+++ Given data +++
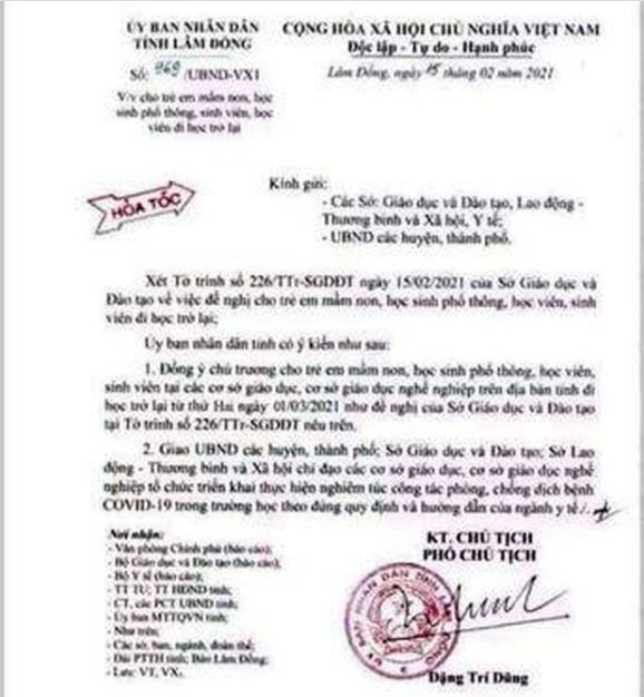 Trước đó, cùng ngày 16/2/2021, TTXVN đã đưa tin: Ngày 15/2, UBND tỉnh Lâm Đồng đã có văn bản hỏa tốc số 969/UBND-VX1, về việc cho trẻ em mầm non, học sinh phổ thông, sinh viên, học sinh đi học trở lại từ thứ Tư ngày 17/2/2021. Tuy nhiên sau đó, trên mạng xã hội lại xuất hiện 1 văn bản giống như văn bản trên, nhưng thời điểm đi học trở lại là “thứ Hai ngày 1/3/2021”.
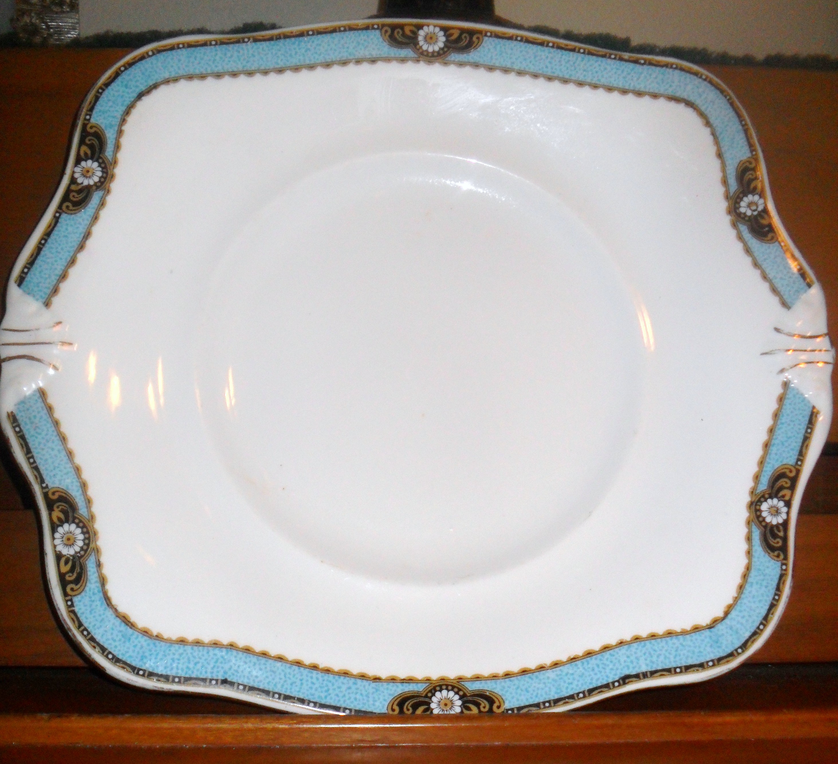I have 2 (two) cake plates that have on the back Plant Tuscan China Made in England. From the marking and online research I have found it is a circa 1936 piece. They are white plates with an aqua border with gold and black on either side. There are 6 white flowers on the plates at the rims(One on top, one on bottom, two on each side). I have not been able to determine the pattern of the china. I've determined they are cake plates from their shapes and comparing them to similar plates online. If anyone knows the pattern and what they are worth, please respond. Thank you
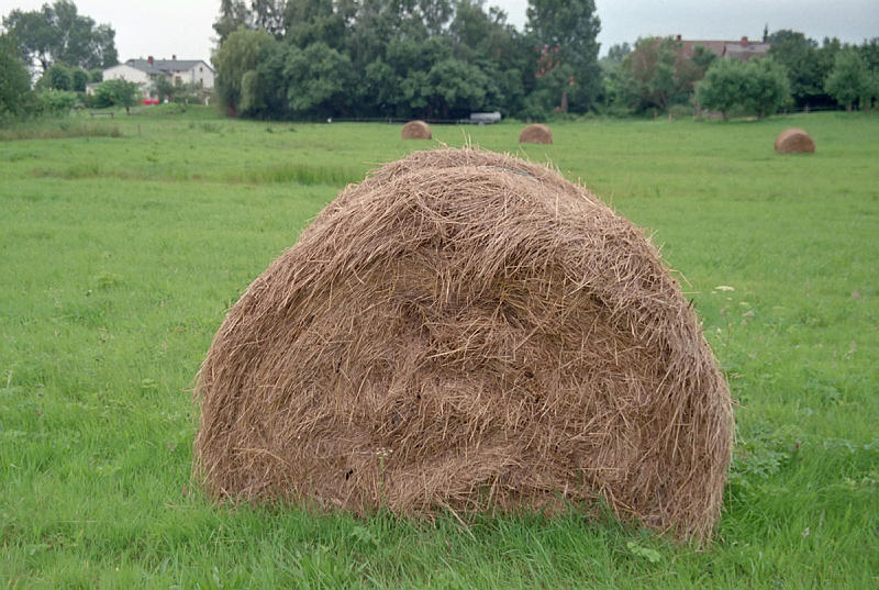 Juli 2001. Mecklenburg-Vorpommern. Fischland. Flora. Pflanzen. Felder, Wiesen. Bäume. Landschaft. Heuballen.
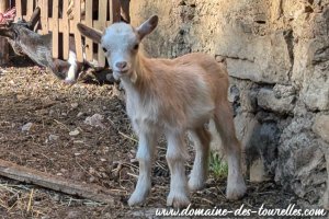 TIKIA a donné naissance au retour du pastoralisme d'un très joli chevreau à la génétique peu courante et identique à celle de sa maman. D'une belle teinte orangée très chaleureuse, ANTOINE attire l'oeil. Ses marbrures plus nombreuses et essentiellement regroupées sur la droite de son corps sont de teintes très douces et vont peu à peu s'éclaircir pour devenir d'un ton beige clair, ce qui va le faire apparaître très discrètement. ANTOINE a également hérité le gêne motte* de sa maman. C'est un chevreau très doux et gentil, calme et de caractère posé. Eric l'a complété au biberon car sa maman était limitée dans sa production de lait en cette saison estivale pas facile.
+++
● **What is expected**:
Starting with the first line of the data above, write out each line exactly up to and including the line that holds "I have 2 (two)". Pictures stay out.

● **Task result**:
 Trước đó, cùng ngày 16/2/2021, TTXVN đã đưa tin: Ngày 15/2, UBND tỉnh Lâm Đồng đã có văn bản hỏa tốc số 969/UBND-VX1, về việc cho trẻ em mầm non, học sinh phổ thông, sinh viên, học sinh đi học trở lại từ thứ Tư ngày 17/2/2021. Tuy nhiên sau đó, trên mạng xã hội lại xuất hiện 1 văn bản giống như văn bản trên, nhưng thời điểm đi học trở lại là “thứ Hai ngày 1/3/2021”.
I have 2 (two) cake plates that have on the back Plant Tuscan China Made in England. From the marking and online research I have found it is a circa 1936 piece. They are white plates with an aqua border with gold and black on either side. There are 6 white flowers on the plates at the rims(One on top, one on bottom, two on each side). I have not been able to determine the pattern of the china. I've determined they are cake plates from their shapes and comparing them to similar plates online. If anyone knows the pattern and what they are worth, please respond. Thank you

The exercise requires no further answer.